I really wish there was a ubiquitous open standard open source IM client, so people could download one client and use it for everything.
I'm with you, and I didn't mind XMPP (having implemented a Jabber server before, it wasn't all bad)
Same deal with IRC (which I think is the best protocol wise).
They all suffer from the same problem: the openness of the standard is not data collection inclusive. The upside is better privacy, the downside is its incredibly hard to fight spam in such wide open systems.
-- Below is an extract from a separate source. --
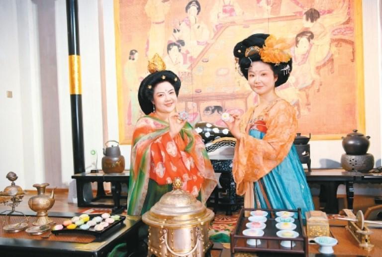 掌心轻拢豆沙团,指尖翻飞间,一朵栩栩如生的“盛唐莲花”便跃然眼前。在西安,“80后”李欢曾多年深耕烘焙行业,一次机缘巧合下与唐果子结缘。2020年,她携手四位志同道合的传统文化爱好者组建团队,以一枚枚精巧的唐果子和醇厚的唐茶为载体,让千年前的风雅滋味,化作触手可及的文化信物。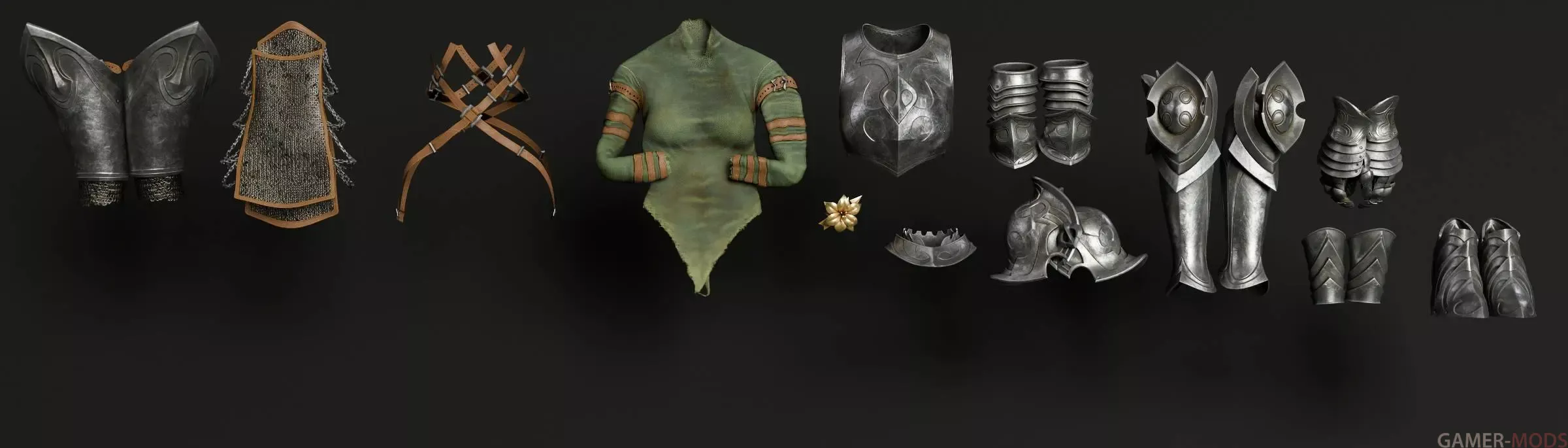 Показатели защиты близки к орочьим доспехам. Физика тела есть там, где это логически обоснованно. Флаг ESL. 2k текстуры по умолчанию.

Also, for a the briefest of overviews about the some notable issues with mass adoptions on XMPP, check this:
Thanks for the link, very interesting document, it really shows an impressive scale.
And for the metrics, it's probably coming from the fact that a lot of people use Messenger without using Facebook, but it's still considered "using Facebook".
> Regarding social media, the latest study finds the number of current users of Facebook continues to drop. The study shows an estimated 15 million fewer users of Facebook than in the 2017 report. The declines are heavily concentrated among younger people.
What are people's thoughts on not deleting FB to better secure your personal identity. In the context of leaving google's services, I see people say that they sit on their email so no one else can take it, but I never see that sentiment about deleting fb.
Is it just that the bar to successfully impersonate someone via fb is higher and email is lot easier to manipulate?
I am particularly interested because I am planning on deleting my personal fb soon.
It's easy to not delete and stop using to serve your purpose. I loathe facebook et al., but some employers (fewer and fewer these days) want to see my online presence. To not have a facebook was considered strange, so for that reason, I keep it around. However, as far as maintaining an identity, or holding on to your custom facebook url, that’s a non-issue. Delete away, and create again—facebook is intelligent enough to reconnect you to all those people if need be. Personal identity is strengthened by other's endorsement. That's easy to get again with FB, especially if you're who you really are. It's difficult to take someone’s identity in that sense and it be valuable to the person doing it.
I wonder if Facebook UX researchers review feedback from threads like this? This seems like useful qualitative information for them to improve their product.
But then again, I wonder if their target population is different. In that case, it could be that Facebook is being strategic on what things to prioritize and they're banking on certain sub-populations, because they can't win over everyone, for their bottom-line?
Many new innovative companies are being founded in this space and those that are successful are richly rewarded (by selling to FB). The system is working exactly how it is supposed to.
Also remember that in the US it's perfectly legal to be a monopoly. What is illegal is abusing your monopoly position by engaging in unfair practices (which is a rather fuzzy and hard-to-prove thing).